Movie Review: Upgrade
Upgrade *** / *****
Directed by: Leigh Whannell.
Written by: Leigh Whannell.
Starring: Logan Marshall-Green (Grey Trace), Melanie Vallejo (Asha Trace), Steve Danielsen (Jeff Handley), Abby Craden (Kara), Harrison Gilbertson (Eron Keen), Benedict Hardie (Fisk), Richard Cawthorne (Serk), Christopher Kirby (Tolan), Richard Anastasios (Wen), Linda Cropper (Pamela), Betty Gabriel (Detective Cortez), Emily Havea (Nurse Henderson), Ming-Zhu Hii (Dr. Diana Gordon), Simon Maiden (Stem), Sachin Joab (Dr. Bhatia), Clayton Jacobson (Manny)
Perhaps there is a truly great science fiction movie lurking inside the premise of Leigh Whannell’s Upgrade – but if there is, Whannell doesn’t seem too interested in exploring it. Rather, he uses his rather ingenious premise as a jumping off point to make a gory, B-grade revenge film, and while no one could mistake it for high art, if taken in the spirit intended, than it’s still a lot of fun to watch the film, as it gets increasingly insane, and increasingly bloody. We probably shouldn’t expect Whannell – writer of the original Saw, and co-writer of the Insidious series, to get bogged down in big ideas – and perhaps we don’t want him to either. He knows precisely what he wants Upgrade to be – and if that isn’t overly ambitious, well, it also doesn’t suffer from delusions of grandeur either.
In the near future, machine control almost our entire lives (sounds like the present to me, but I digress). Technophobe Grey (Logan Marshall-Green) prefers to work with his hands though – on stuff like old cars, that don’t have all that techno-crap. One of his clients is Eron (Harrison Gilbertson), the head of the biggest tech company in the world though, so when Grey and his wife are attacked by a group of people with guns implanted into their bodies, leaving his wife dead, and Grey a quadriplegic, Eron reaches out to him. His newest technology – called Stem – can be implants in Grey – and allow him to walk again. Of course, he’ll have to keep it a secret – you cannot just implant this type of stuff in people without years of testing (apparently these people didn’t see Kirby Dick’s The Bleeding Edge). Once Stem is inside Grey, it does indeed give him the ability to move again – and lots of other things as well. Grey and Stem become an unstoppable killing machine – and you know who Grey is going after. But Stem also keeps learning, and becomes increasingly powerful to boot.
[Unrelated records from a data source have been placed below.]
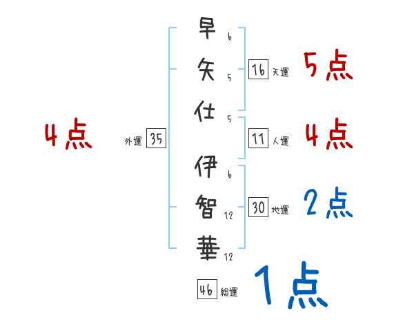 早矢仕伊智華さんの画数の鑑定結果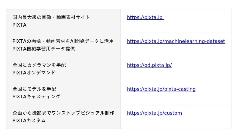 事業内容:デジタル素材のオンラインマーケットプレイス「PIXTA」の運営、法人向け出張撮影・カメラマンサービス「PIXTAオンデマンド」の運営、出張撮影プラットフォーム「fotowa」の運営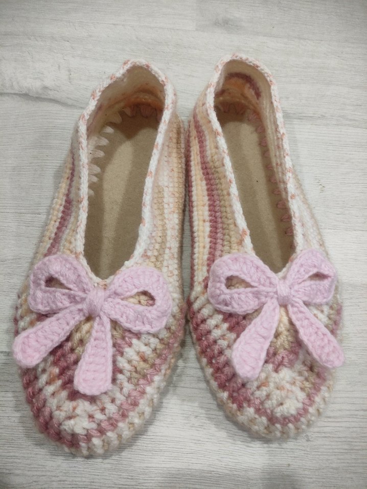 Pembe tonlarında örgü kadın ev terliği, konforlu ve klasik tasarıma sahip, fiyonk detaylı ve düşük dolgu topuklu. Günlük kullanım için uygundur.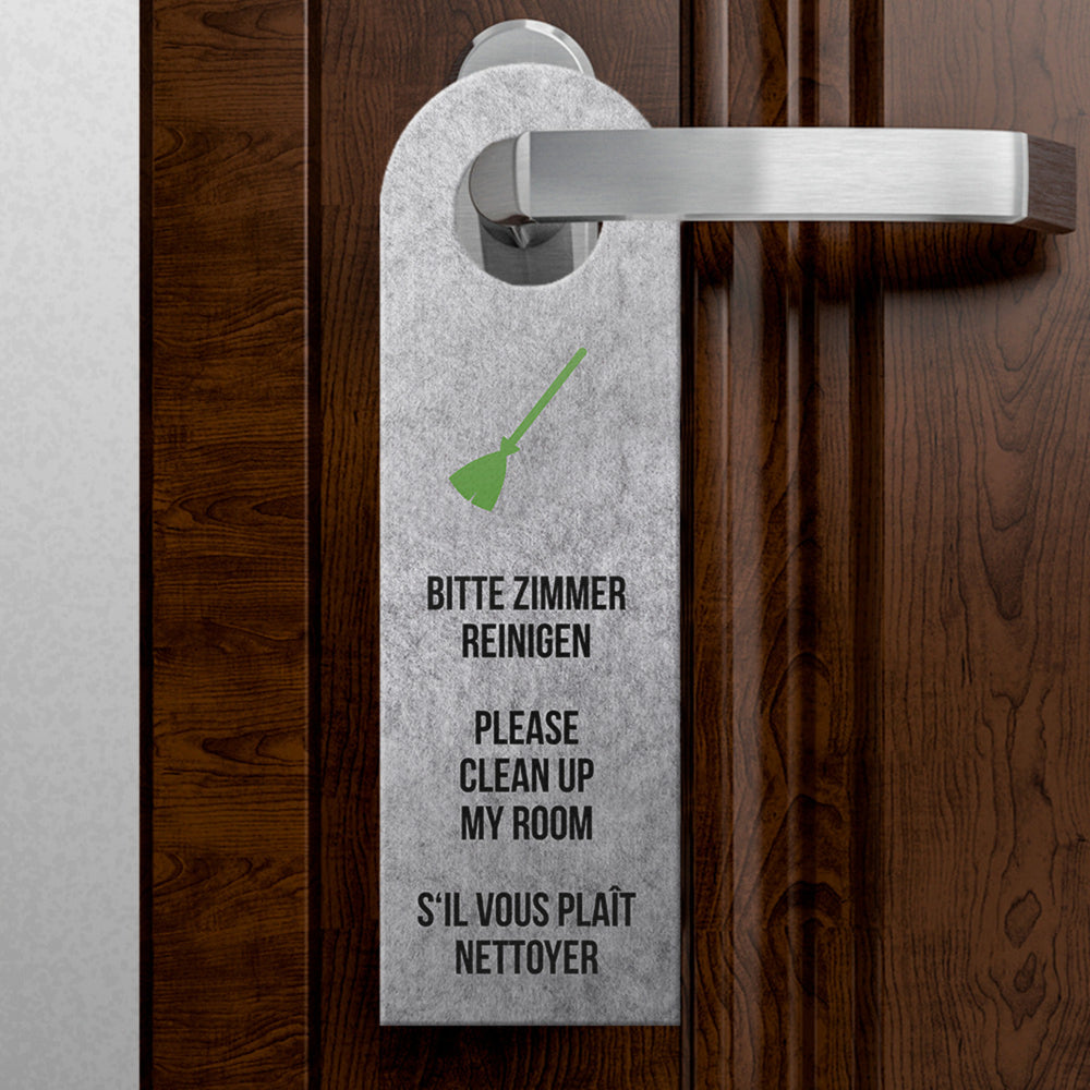 - Welche Seite des Türhängers an der Türklinke hängt, entscheidet der Hotelgast. Durch die Symbole kann man auf den ersten Blick ablesen, ob das Zimmer betreten werden darf oder nicht. Zusätzlich steht die Botschaft noch in verschiedenen Sprachen darunter.

Upgrade is schlock. There is no way around it – the film is pure b-movie madness in which the first killing that Grey and Stem do nearly takes off someone’s head in a splatter of blood – and is downright tame compared to the rest of the film. Whannell could, undeniably, have made a film that explores man’s relationship with machines, the dangers of technology and playing God, etc. – but he isn’t interested in that. He wants to kill people in increasingly cool, increasingly bloody ways. Mission accomplished.
The movie works basically because everyone knows precisely what kind of movie they are in, and what is required of them. Marshall-Green is fine as the everyman (even if, every time I see him, I cannot help but think of him as the poor man’s Tom Hardy) – and the rest of the cast, from Gilbertson as techno-nerd who invention gets away from him, to Benedict Hardie as Fisk, leader of the tech gang who killed Grey’s wife, play their roles to the hilt as well. Whannell doesn’t dwell too long on how any of this is supposed to work – preferring instead to get to the killings, and not let up.
Up until now, Whannell’s career behind the camera (he’s an actor too), has mainly been tied to director James Wan – who directed Saw and Dead Silence and Insidious, all written by Whannell. This is his second film as director – after Insidious: Chapter III – and it’s good see him out of Wan’s shadow for once (there is, for sharp eyed viewers, a reference to Wan in the film). Wan has established himself as one of the premiere directors of horror working in America today – mainly with The Conjuring, its sequel and Insidious. He has now moved onto blockbuster – with the Furious Seven and the upcoming Aquaman, and we’re all the poorer for it. Whannell though doesn’t seem so quick to leave the bloody world of horror and B-movies behind him. While he isn’t the director Wan is – Upgrade is a significant improvement over his last film, and makes me curious as to what he’ll do next. This is small budget, genre filmmaking done right.